A sequence of contractions of the reticulorumen was clearly identified under most circumstances, including in association with a raised baseline trace, because of the high amplitude of reticulum contractions and their diphasic or triphasic nature. This was not the case (especially with the B sequences of contraction) for the rumen, and at times, increases in what we termed tonus (ie, an increase in baseline activity with superimposed phasic activity) did not allow B sequences to be distinguished from the baseline trace (eg, during the later stages of 24-hour experiments, following intraruminal administration of ergotamine, or when fasting was prolonged).
An increase in baseline activity with superimposed phasic activity (ie, tonus) was a characteristic EMG feature following administration of the ergopeptides. This was evaluated visually and was defined as an increase above the range of baseline activity of at least 100% that was maintained for at least 5 minutes; moderate tonus was defined as an increase of 20% to 50% of the maximum amplitude of the A sequence of contraction, and marked tonus was defined as an increase of > 50% of the maximum amplitude of the A sequence of contraction.

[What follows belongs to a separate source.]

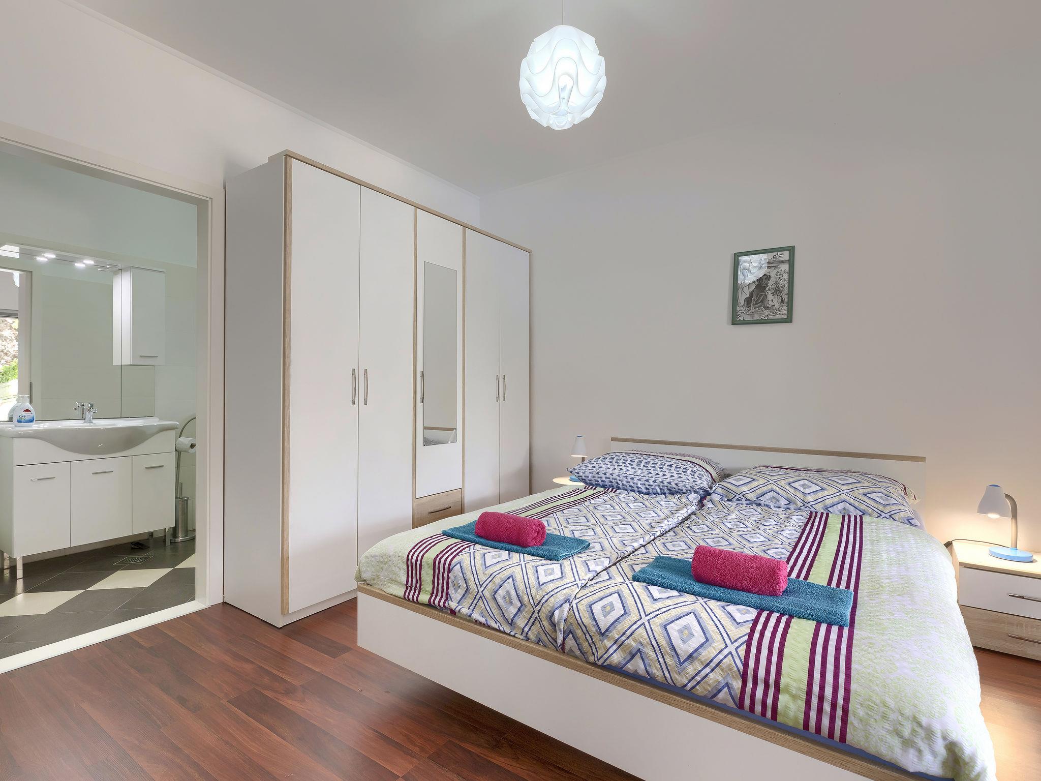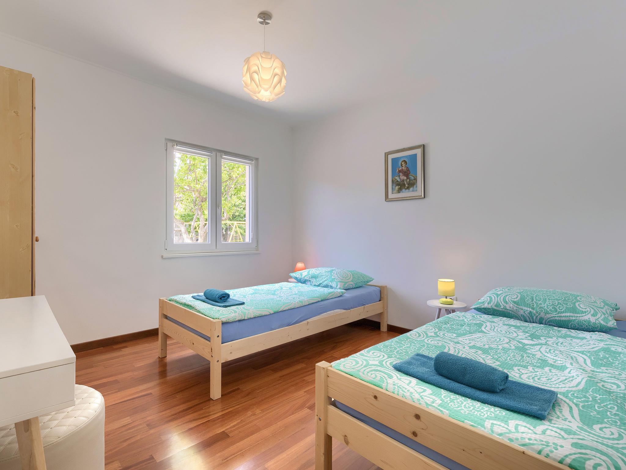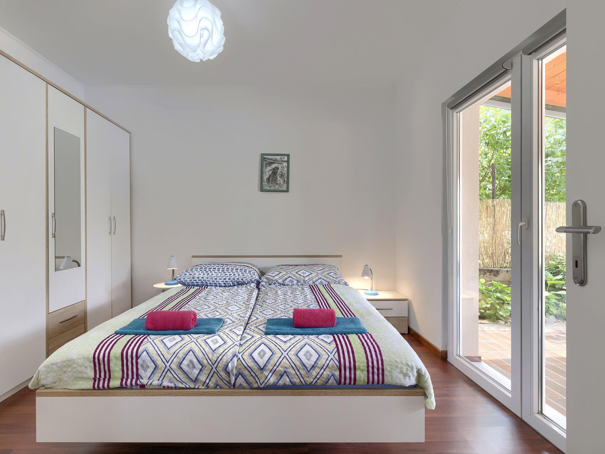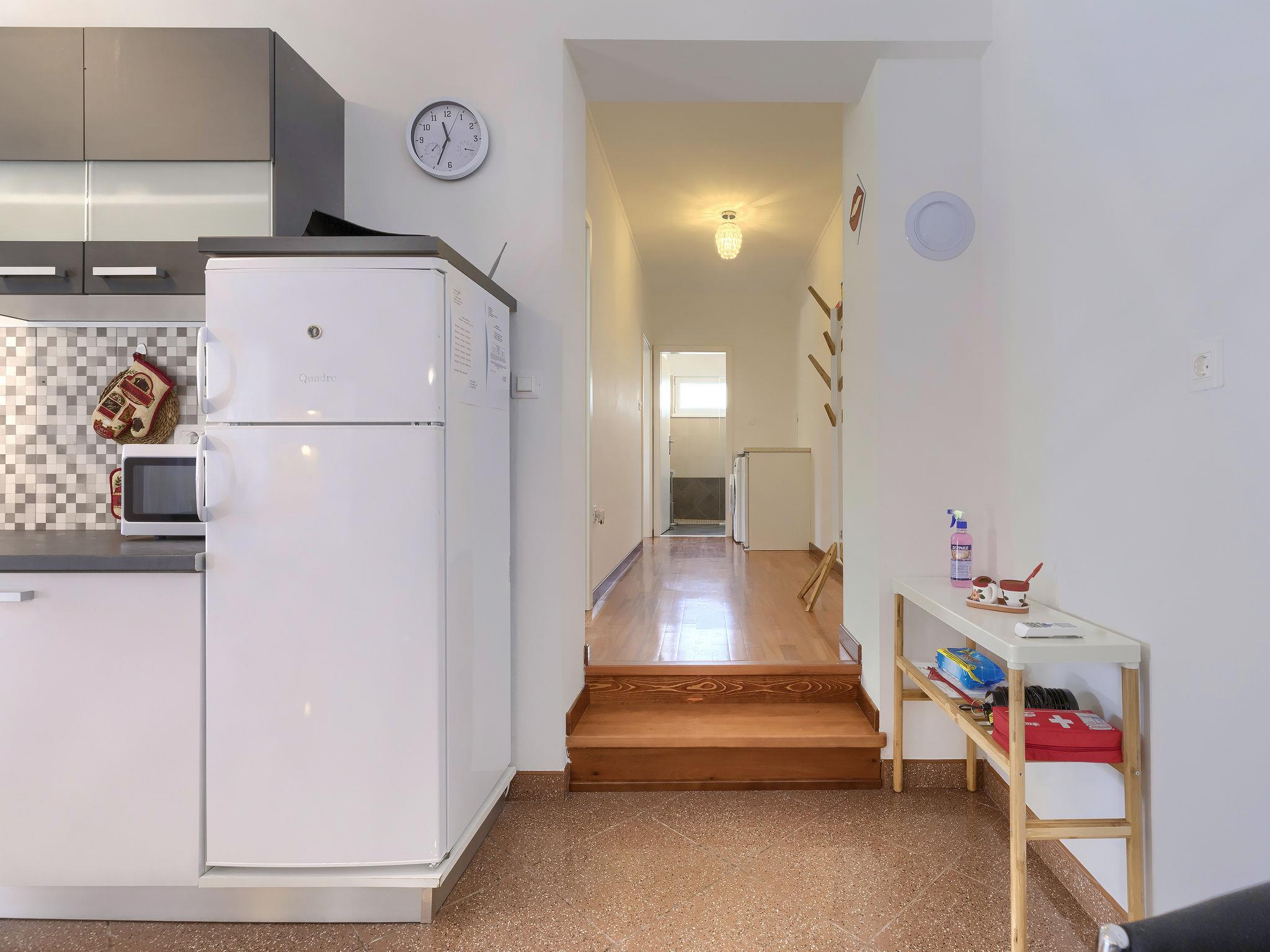 4-room house 90 m2. Living/dining room with satellite TV (flat screen), air conditioning. Exit to the terrace. 1 room with 1 double bed. 2 rooms, each room with 2 beds. Open kitchen (oven, dishwasher, 4 ceramic glass hob hotplates, toaster, kettle, microwave, freezer, electric coffee machine). 2 showers/WC. No heating option. Deck chairs. Facilities: children's high chair, baby cot. Internet (WiFi, free). Please note: non-smoking house. Maximum 2 pets/ dogs allowed.

Jaw movements were recorded with the aid of a balloon that was attached beneath the jaw and connected to a pressure transducerj; this allowed inactivity and rumination to be distinguished and correlated with reticuloruminal motility.
At least 24 hours prior to each experiment, each sheep had an indwelling IV catheter inserted into a jugular vein. At the start of each experiment at 8 AM, 2 sheep were brought from their holding pens into the recording room and placed in metabolism crates (a procedure to which they had become habituated over a 3-week period before experiments commenced). They did not have access to food or water during the short-term experiments involving IV administration of ergopeptides, but were offered water periodically during the 24-hour experiments involving intraruminal administration of ergotamine. Sheep were able to stand or lie down during the experiments; during the 24-hour recording periods, reticuloruminal motility and jaw movements were monitored continuously in all sheep.
Clinical observations—The effects of the ergopeptides on respiration in all animals were closely observed, as this parameter was a sensitive indicator of an animal's well-being in response to ergopeptide administration in a previous study.8 Respiration was visually observed continuously for any changes in rate and depth that were associated with the IV infusions; after intraruminal administration, respiration was monitored during the first 8 hours and thereafter at 6-hour intervals for the remainder of the study. Temperatures of the sheep's extremities (lower portions of the limbs) were monitored by touch for several days after administration of the ergopeptides. At the times that respiration and temperature were monitored, a visual assessment for any skeletal muscle tremoring was also made.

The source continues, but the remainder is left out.